当遇到某人发来的文本內容内不是标准 utf-8 编码时,可以使用本程序来进行转换。

转换时遇到文本行尾使用了Windows专用的 CRLF 换行符时,也会将文本行尾统一更换为 LF。这样的好处是可以缩小文本文件的空间占用,并且可以保证该文件可以在基于Unix和Linux的操作系统以相同的格式显示。

encoding_line_ending_converter.py

#!/usr/bin/env python3
# -*- coding: utf-8 -*-

import argparse
import os


def main():
    parser = argparse.ArgumentParser(description='Text Encoding and Line Ending Converter')
    parser.add_argument('path', type=str, help='directory to be traversed and processed.')
    parser.add_argument('encoding', type=str, help='encoding of the text file.')
    parser.add_argument('-e', '--extensions', type=str, help='only process specified file extensions. use "|" as the separator, for example: ".txt|.log|.html"', default='')
    parser.add_argument('-q', '--quiet', action='store_true', help='do not output information during processing.')
    parser.add_argument("-v", "--verbose", action="store_true", help="increase output verbosity")
    args = parser.parse_args()
    extensions = tuple(args.extensions.split('|'))

    processed_count = 0
    for root, _, files in os.walk(args.path):
        for file_name in files:
            if len(extensions) == 0 or file_name.endswith(extensions):
                if trans(os.path.join(root, file_name), args.encoding, args.quiet, args.verbose):
                    processed_count += 1

    if not args.quiet:
        print(f'{processed_count} files have been processed.')

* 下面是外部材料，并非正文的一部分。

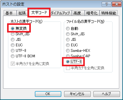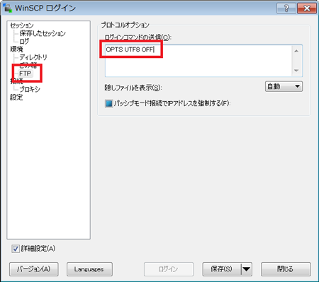 FTPクライアントソフト側でログイン時に指定コマンド(OPTS UTF8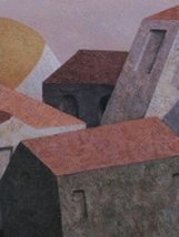 E poi c'è il mondo di Matthias Brandes (1950), un mondo scabro, dall'apparenza immobile e pietrosa, costruito a olio e tempera su tela. Lì, tra quelle case assiepate, tra quegli alberi compatti come monoliti, l'ordine e il caos si alternano, si contraddicono, giocati nel contrappunto tra il rigore delle geometrie e dei volumi giotteschi e la follia della costruzione e della scansione spaziale. Un contrappunto dagli equilibri unici, dalle perfette armonie.

def trans(file_path, file_encoding, quiet, verbose) -> bool:
    """Convert file encoding and line endings."""
    # check file encoding
    encoding = 'utf-8'
    content = ''
    try:
        with open(file_path, 'r', encoding=encoding) as f:
            content = f.read()
    except UnicodeDecodeError:
        with open(file_path, 'rb') as f:
            try:
                content = f.read().decode(file_encoding)
                encoding = file_encoding
            except UnicodeDecodeError:
                if not quiet:
                    print(f'{file_path} the file encoding is not {file_encoding}.')
                return False

    # determine if a file uses LF line endings.
    if '\r' in content:
        # convert CRLF line endings to LF.
        content = content.replace('\r\n', '\n')

        # write content
        with open(file_path, 'w', encoding='utf-8', newline='\n') as f:
            f.write(content)

        if not quiet:
            print(f'{file_path} the file encoding and line endings have been converted to UTF-8 and LF.')
        return True
    if encoding != 'utf-8':
        # write content
        with open(file_path, 'w', encoding='utf-8', newline='\n') as f:
            f.write(content)

        if not quiet:
            print(f'{file_path} the file encoding has been converted to UTF-8.')
        return True
    if not quiet and verbose:
        print(f'{file_path} the file is now encoded in UTF-8 with LF line endings.')
    return False


if __name__ == '__main__':
    main()

点我下载:encoding_line_ending_converter.py

> python encoding_line_ending_converter.py -h

usage: encoding_line_ending_converter.py [-h] [-e EXTENSIONS] [-q] [-v] path encoding

Text Encoding and Line Ending Converter

positional arguments:
  path                  directory to be traversed and processed.
  encoding              encoding of the text file.

options:
  -h, --help            show this help message and exit
  -e EXTENSIONS, --extensions EXTENSIONS
                        only process specified file extensions. use "|" as the separator, for example: ".txt|.log|.html"
  -q, --quiet           do not output information during processing.
  -v, --verbose         increase output verbosity

其中 encoding 就是python中常用的编码代码,例如: gbkcp437 等等…